[[ TASK MATERIAL, beginning ]]

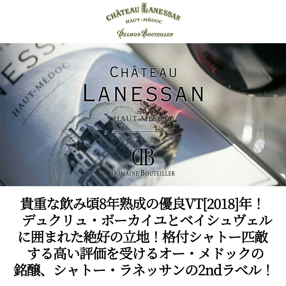 【商品名】レ・カレッシュ・ド・ラネッサン[2018]年・AOCオー・メドック(シャトー・ラネッサン・2ndラベル)・シャトー元詰(ブーティエ家元詰)【英名】Les Caleches de Lanessan 2018 AOC Haut Medoc (Chateau Lanessan 2nd Label)
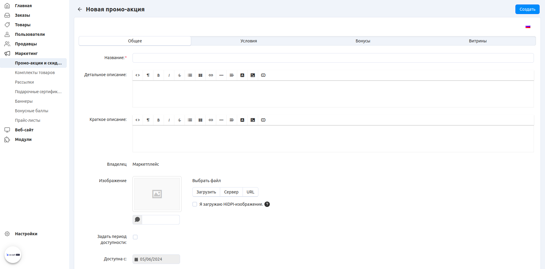 3. Откроется форма создания промо-акции. Введите необходимую информацию на вкладке Общее:
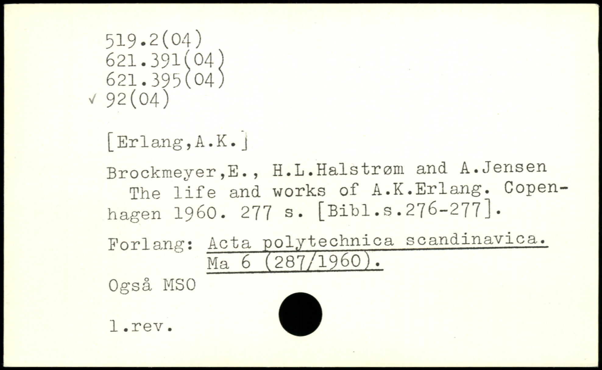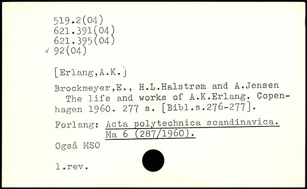 Brockmeyer ,E. , H.L.Halsfrom and A.Jensen The life and works of A.K.Erlang.
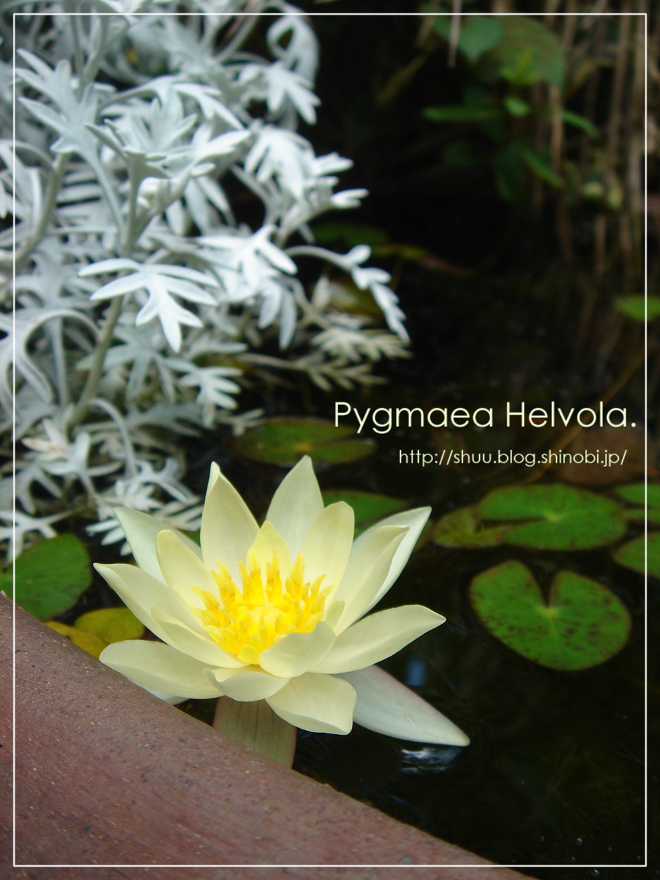 後ろの葉っぱは水鉢の中の、『ベニチガヤ』
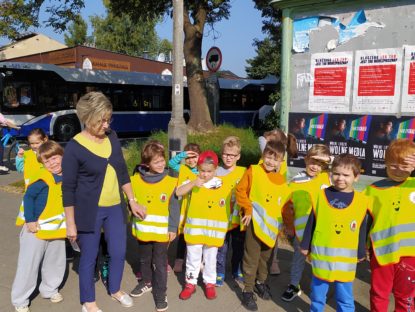 W drugim tygodniu września poznawaliśmy zasady bezpieczeństwa na drodze. W czasie naszych wspólnych zajęć dowiedzieliśmy się jak bezpiecznie poruszać się po chodnikach i przejściach dla pieszych. Kiedy byliśmy już dobrze przygotowani wypróbowaliśmy swoje umiejętności uczestników ruchu drogowego na prawdziwym skrzyżowaniu.

[[ TASK MATERIAL, end ]]

- TASK
Reproduce each entry above word for word. Pictures are not part of the copy.

- RESULT FOR THIS EXERCISE
 【商品名】レ・カレッシュ・ド・ラネッサン[2018]年・AOCオー・メドック(シャトー・ラネッサン・2ndラベル)・シャトー元詰(ブーティエ家元詰)【英名】Les Caleches de Lanessan 2018 AOC Haut Medoc (Chateau Lanessan 2nd Label)
 3. Откроется форма создания промо-акции. Введите необходимую информацию на вкладке Общее:
 Brockmeyer ,E. , H.L.Halsfrom and A.Jensen The life and works of A.K.Erlang.
 後ろの葉っぱは水鉢の中の、『ベニチガヤ』
 W drugim tygodniu września poznawaliśmy zasady bezpieczeństwa na drodze. W czasie naszych wspólnych zajęć dowiedzieliśmy się jak bezpiecznie poruszać się po chodnikach i przejściach dla pieszych. Kiedy byliśmy już dobrze przygotowani wypróbowaliśmy swoje umiejętności uczestników ruchu drogowego na prawdziwym skrzyżowaniu.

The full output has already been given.